= Herbert Heywood (pilot) =

American aviator

Herbert Hosea Heywood (November 10, 1923 – May 8, 1982) was an aviator. He is best known as a member of the historic Tuskegee Airmen, being one of the few Virgin Islanders to do so and the first Black pilots in the United States armed forces.

== Early life and background ==
Herbert Heywood was born in Christiansted, Saint Croix, which is one of the islands that make up the U.S. Virgin Islands. At the time of his birth, a major political transition happened, as the islands had only recently become a U.S. possession after being purchased from Denmark in 1917. This shifting political climate shaped the environment in which he was raised.

Heywood married Catalina Cena Cepeda on May 23, 1948, at Holy Cross Catholic Church on St. Croix.

He worked in public office after his time as a Tuskegee Airmen, being elected to the 8th and 9th St. Croix Municipal Councils between 1951 and 1954. Known for his creativity and passion for aviation, he incorporated flying into his political campaigns—dropping campaign leaflets over communities from the air.

Later in life, he worked as a supervisor of accounting at Harlem Hospital in New York City. Heywood died May 8, 1982, in New York City.

== Career and contributions ==
On March 22, 1943, Herbert Heywood left St. Croix to enlist in the U.S. military during World War II. At a time when racial discrimination limited opportunities for Black servicemen, he pursued his ambition to become a pilot.

He trained at the Tuskegee Institute in Alabama, established by Booker T. Washington, where African American men were able to be given the opportunity to receive formal flight training.

Heywood became one of approximately 996 men trained as pilots, navigators, and bombardiers. These men became known as the Tuskegee Airmen. He graduated as a 2nd Lieutenant from Class 44-C-SE on March 12, 1944.
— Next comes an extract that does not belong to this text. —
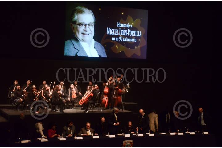 CIUDAD DE MÉXICO, 08OCTUBRE2019.- El historiador y filósofo del náhuatl Miguel-León Portilla, fallecido el pasado 01 de octubre, fue homenajeado en la Sala Nezahualcóyotl del Centro Cultural Universitario de la UNAM. FOTO: GALO CAÑAS /CUARTOSCURO.COM
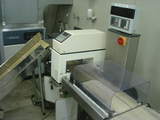 包装された製品は金属検出機を通り、オートチェッカーで再度計量を行ない良品、不良品を区分する。

He was one of only two Virgin Islanders to achieve this distinction, alongside Henry E. Rohlsen.

After completing his military service, Herbert Heywood pursued higher education and graduated from the Columbia Law School.

== Legacy ==
Herbert Heywood is remembered as a pioneering figure in Virgin Islands history and as part of the broader legacy of the Tuskegee Airmen, whose service helped challenge racial barriers in the U.S. military.

Efforts to preserve the history of Virgin Islands veterans—including Heywood—are reflected in initiatives such as the Virgin Islands Military Museum and Veterans Memorial, which honors thousands of veterans from the territory, including members of the famed 332nd Fighter Group.